Следующий роман И. Кертеса, «Фиаско»[78] (1988), посвящен чрезвычайно важной теме – ассимиляции бывших узников в послевоенном мире. Примечательно, что главный герой книги, Старик, пытающийся написать книгу, никак не может начать ее писать, что довольно точно передает состояние узника, пытающегося создать нарратив о своем лагерном опыте. На это же указывает и античный образ Сизифа: пытаться рассказать о пережитом – это сизифов труд, дурная бесконечность, бег по кругу, подстегиваемый равнодушной или ничего не понимающей аудиторией. Темы лагеря и постлагерной жизни раскрываются писателем и в произведениях «Кадиш по нерожденному ребенку»[79] (1990), «Самоликвидация»[80] (2003). Если в первых двух романах И. Кертес проанализировал устройство двух тоталитарных систем, с которыми ему пришлось лично столкнуться, то в двух других он разбирается в своих отношениях с жизнью как таковой. «Кадиш по нерожденному ребенку» (1990) – развернутый ответ женщине, которая спрашивает у повествователя, не завести ли им ребенка. Отрицательный ответ, который она получает, кладет конец их браку, но открывает внутренний монолог, в котором повествователь сам себе объясняет, почему он не может взять на себя ответственность за новую жизнь в мире, где случился – и остался непонятым – Освенцим.

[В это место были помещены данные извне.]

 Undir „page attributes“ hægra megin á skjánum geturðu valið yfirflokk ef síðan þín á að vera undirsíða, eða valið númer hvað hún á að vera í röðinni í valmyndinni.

В середине 1950-х годов увидела свет работа опять же бывшего заключенного Освенцима, американского и французского писателя, журналиста, общественного деятеля, будущего лауреата Нобелевской премии мира Эли Визеля. В 1956 году в Аргентине на идише (Э. Визель писал на нескольких языках) вышла его первая книга «И мир молчал»[81], которая больше известна в сокращенном варианте как «Ночь» (первое издание на французском языке было опубликовано в 1958 году)[82]. Книга была переведена на 18 языков и стала началом трилогии – еще две книги носили названия «Рассвет» и «День»[83]. Эти книги донесли до целого поколения читателей по всему миру образ катастрофы, которая произошла в Концентрационном мире. На сегодняшний день «Ночь» издана более чем на 30 языках, всего же Э. Визель – автор более сорока художественных книг.

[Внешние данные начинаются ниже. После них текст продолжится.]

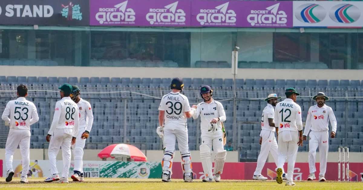 নতুন বল পেয়ে আক্রমণে আসেন বাংলাদেশি পেসার খালেদ আহমেদ। অন্যপ্রান্তে চলছিল স্পিন, তবে তারা ভাঙতে পারছেন না ক্যাম্ফার-গ্যাভিন হোয়ের জুটি। অথচ সাড়ে ১১টায় মধ্যাহ্ন বিরতি দেওয়ার কথা থাকলেও, ম্যাচ শেষ হয়ে যাবে এই আশায় সেই সময় পিছিয়ে খেলা চলতে থাকে। শেষ পর্যন্ত হতাশই করেছেন ক্রিজে থাকা দুই আইরিশ ব্যাটার। বাড়তি ২০ মিনিট পর দেওয়া হয় বিরতি। এখনও ক্যাম্ফার ৬৩ ও হোয়ে ১৮ রানে অপরাজিত আছেন।
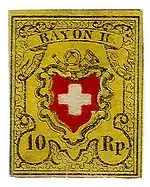 The local mail and rayon stamps of 1850 and 1852 constituted the first series of postage stamps issued by the Swiss Post. In philately, they are among the most sought-after Swiss stamps, with a 5 rappen Rayon I stamp selling for the record price of CHF 348,000 (USD 293,000) at auction in 2008.[1]

В трилогии (и прежде всего в «Ночи») Э. Визель сделал попытку осмысления не только самого пребывания в лагере, но и всех тех обстоятельств, которые привели к нему. Одной из главных линий «Ночи» становится разочарование в Боге, который допустил концентрационные лагеря и мирится с тем, что там происходит. «Повесить подростка на глазах у тысяч зрителей было делом непростым. Комендант лагеря прочел приговор. Все взгляды были прикованы к ребенку… Трое приговоренных вместе встали на табуреты. На три шеи одновременно накинули петли. – Да здравствует свобода! – крикнули двое взрослых. А мальчик молчал. – Где же Бог, где Он? – спросил кто-то позади меня. По знаку коменданта опрокинулись три табурета. Во всем лагере наступила полная тишина… Потом мы опять шли мимо повешенных. Оба взрослых уже были мертвы. Их раздувшиеся синие языки вывалились наружу. Но третья веревка еще дергалась: мальчик, слишком легкий, был еще жив… Я услышал, как позади меня тот же человек спросил: – Да где же Бог? И голос внутри меня ответил: – Где Он? Да вот же Он – Его повесили на этой виселице…»[84]

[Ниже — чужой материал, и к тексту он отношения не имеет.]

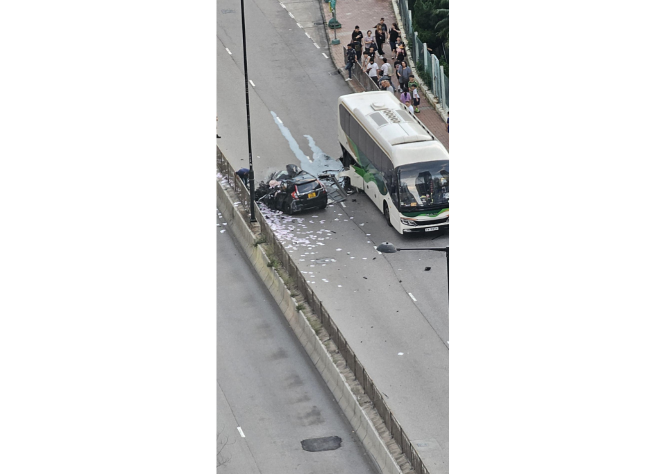 私家車撼旅遊巴。(FB「馬路的事討論區」)

В то же время, когда создавались данные работы, продолжал пополняться круг собственно источников по жизни и быту концентрационных лагерей. В 1950–1960-х годах начинает выходить ряд воспоминаний бывших узников нацистских концентрационных лагерей, и этот процесс продолжается до настоящего времени[85], однако лишь немногие авторы мемуаров делают попытки подробного осмысления произошедшего. Среди таких авторов – В. Гоби[86], К. Живульская[87], Людо ван Экхаут[88], О. Ленгель[89] и другие, их воспоминания легли в основу как некоторых указанных выше работ, так и последующих исследований темы. Все эти работы сыграли очень большое значение прежде всего для тех тысяч выживших узников, которые свидетельствовали о пережитом только устно и тем самым создавали неатрибутируемое в литературных или научных категориях пространство нарратива. Устным свидетельствам большинству слушателей трудно было поверить, и указанные выше работы фактом своего издания служили заверявшим устное свидетельство «официальным документом», на который всегда можно было сослаться.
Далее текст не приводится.